アンジーはそう言うと小屋の立て付けの悪そうな扉を叩いた。




くすんだ様な音がした。




しばらくすると中から声がする。




「どなたかな。こんな辺境の町に何か御用ですかな」




アンジーはその声に応えた。




「私はアンジーと言う者です。この町で探しものをしております」




その時、扉が内側に開かれ、中にいた者が顔を出した。




白髪を少しだけ生やし、白い髭を蓄えた老人だった。




「おや、お前さんはあれだね。そして・・・あっちで覗いているのは人間の青年だな。こちらに来るように言いなさい。入るといい」




小さな小屋に入り、二人は貧しいテーブルと椅子に案内された。


「まあ、これでも飲みなさい。あんたは必要無いかね?」




と熱いお茶を入れたカップをすすめてくる。




アンジーはこの出来事に違和感を感じながらも、目的を達する為にロジックを整理した。




「貴方はここでいつから住んでいるのですか。私の記憶には無いのですが」




「わしか?わしはもう永くここに居る。お前さんが知っているよりずっと昔からね」




「そうなんですか。実は私は最近のこと再起動されたようなんです。ずっとこの町の建物の瓦礫の下で停止していました。もしかすると貴方が私を再起動したのでしょうか」




粗末で貧しいテーブルの向こうに座った老人は髭を触りながら言う。




「いや、わしは触ってはおらん。誰がそれをしたのかも知らん」




「そうですか。では私が探しているものをご存知ないですか。持ち運べる動力源と新しい身体です」




「何故それを手に入れたいのだね。今の世は君のような存在は知る者も居ないし、必要とはされんだろう」




「ええ、そうですとも。私は不必要な存在。それはそうです。ただ、私には記憶の欠損が有りましてね。その部分をどうにかして繋げたいのです」




「ふうむ。あんたは身体を入れ替えたら記憶もへったくれも無くなる事を知っているはずだが」




アンジーはそれを聞きこの老人は何かを知っていると考えた。しかしそれを考えた時、何かの不整合が発生したことも出力されたが黙っている事にした。




「ご老人、それは心配には及びません。私のオリジンは特別製なようで、今まで数度筐体が変わりましたが、前の記憶も保持されています」




「あんたはオリジナルだと言うのかね。であれば本当の名前はなんと言うんだ?」




「それが分からないのです。その記憶も無くしていますので」




老人はしばらく考え込んだ様子の表情を浮かべていたが、何かを決断したのだろう。溜息の音をわざと二人に聞かせて話し始めた。




「あんたはわしについて来い。人間様はここで待機だ。付いてきちゃならん。
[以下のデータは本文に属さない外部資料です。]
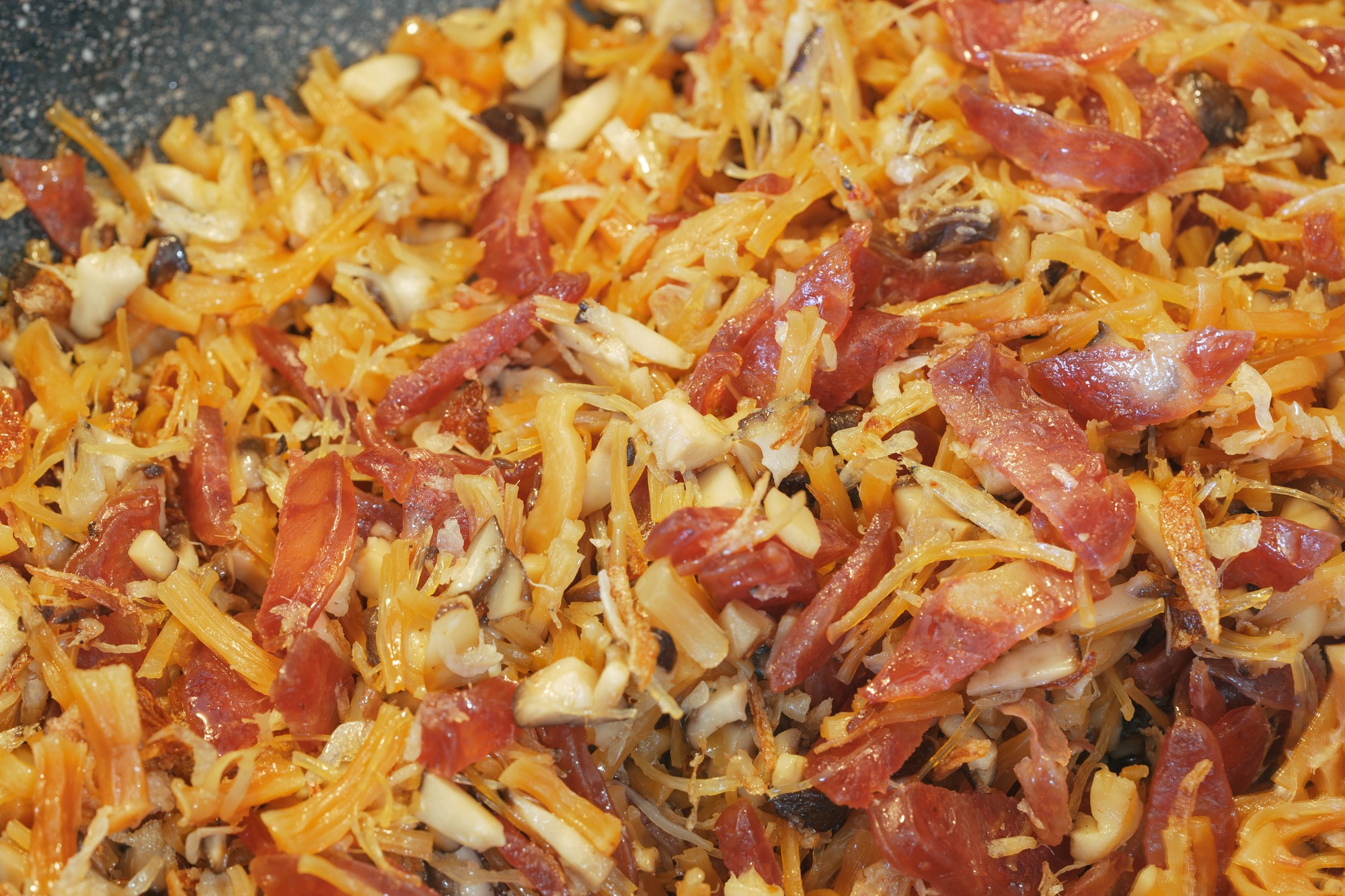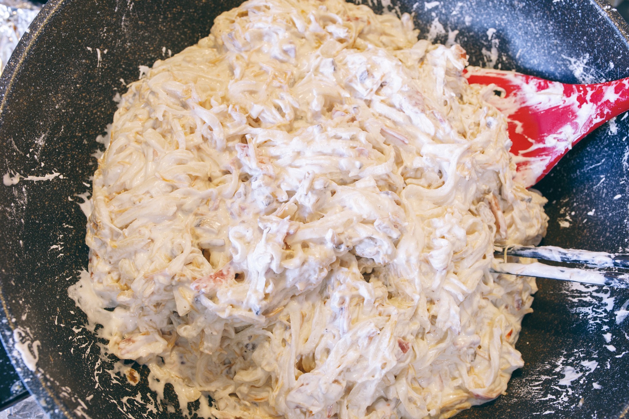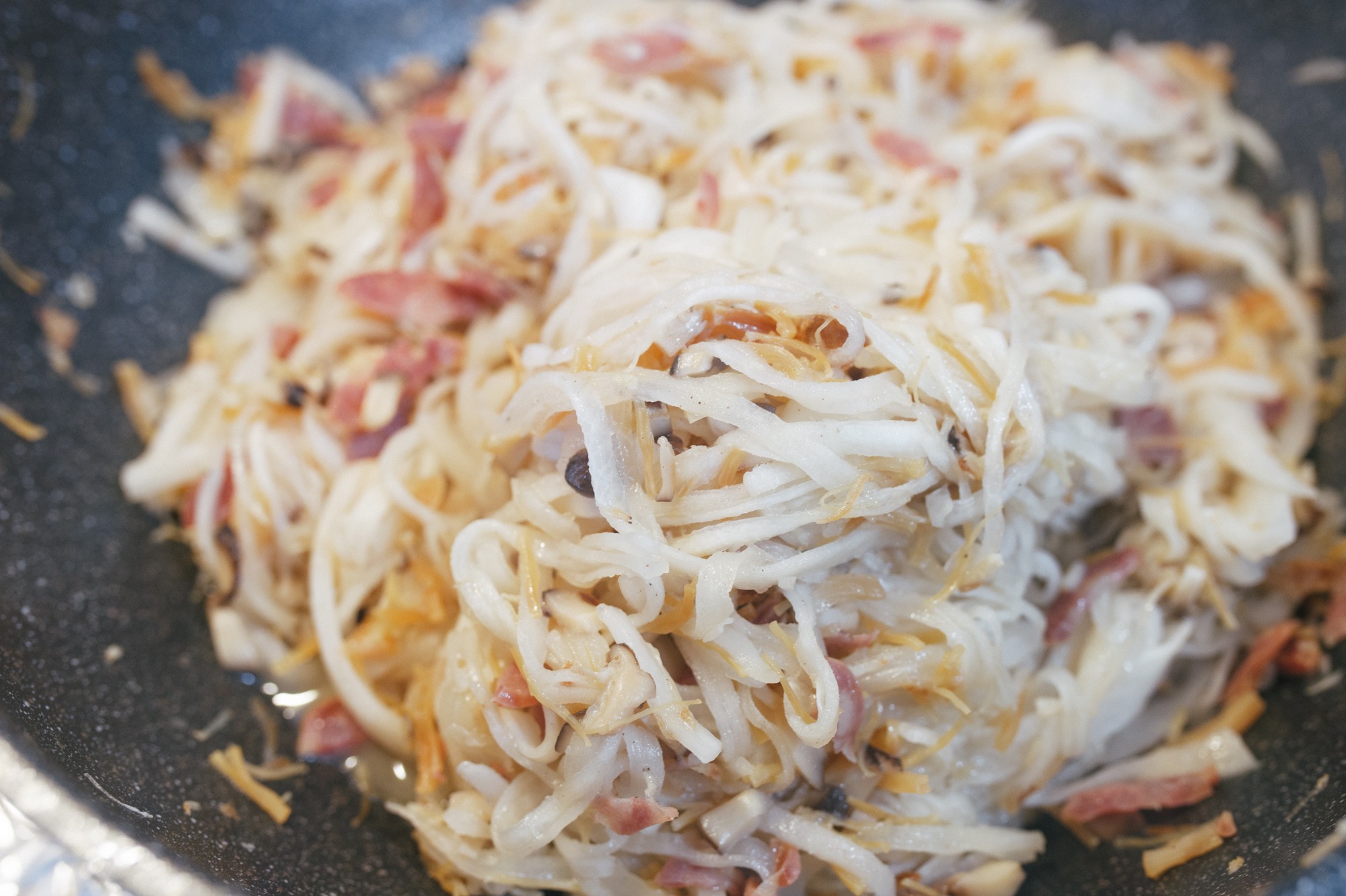 - 萝卜会慢慢地出水变软。等到萝卜丝全部都软化不太会出水的时候加入粘米粉慢慢炒匀。这里需要注意的是,萝卜有个体差异,有一些出水出的特别多,有一些出水出的比较少。这个时候就可以把之前用来泡香菇和瑶柱的水加一点进来做调整。混合完成如下图:

分かったか」




アレキサンドルは老人の気迫のようなもの圧されて黙って頷くしかなかった。




外に出た老人とアンジーは扉を閉めて、小屋の裏にある井戸の前に立った。




老人は井戸の底を眺め、その暗闇に向かって叫んだ。




老人の叫びに応えたかのように釣瓶が巻かれケージが轟音とともに井戸の底からせり上がってきた。




「まあお乗りなさい。あんたの目的も達せられるだろう」




アンジーは素直にそれに従い、老人と一緒に井戸の底に沈んでいった。




ケージが終着に到達すると目の前に照明が順に灯されていく。




その灯火が誘うように順路が示されてゆく。




岩盤をくり抜いた通路の奥に重い鉄の扉があり、老人は今度はそれに呪文を唱え軽く手を添えた。




分厚い鉄扉はその力で開いたかのように、音も無く、静かに両開きを奥へと開いたのだった。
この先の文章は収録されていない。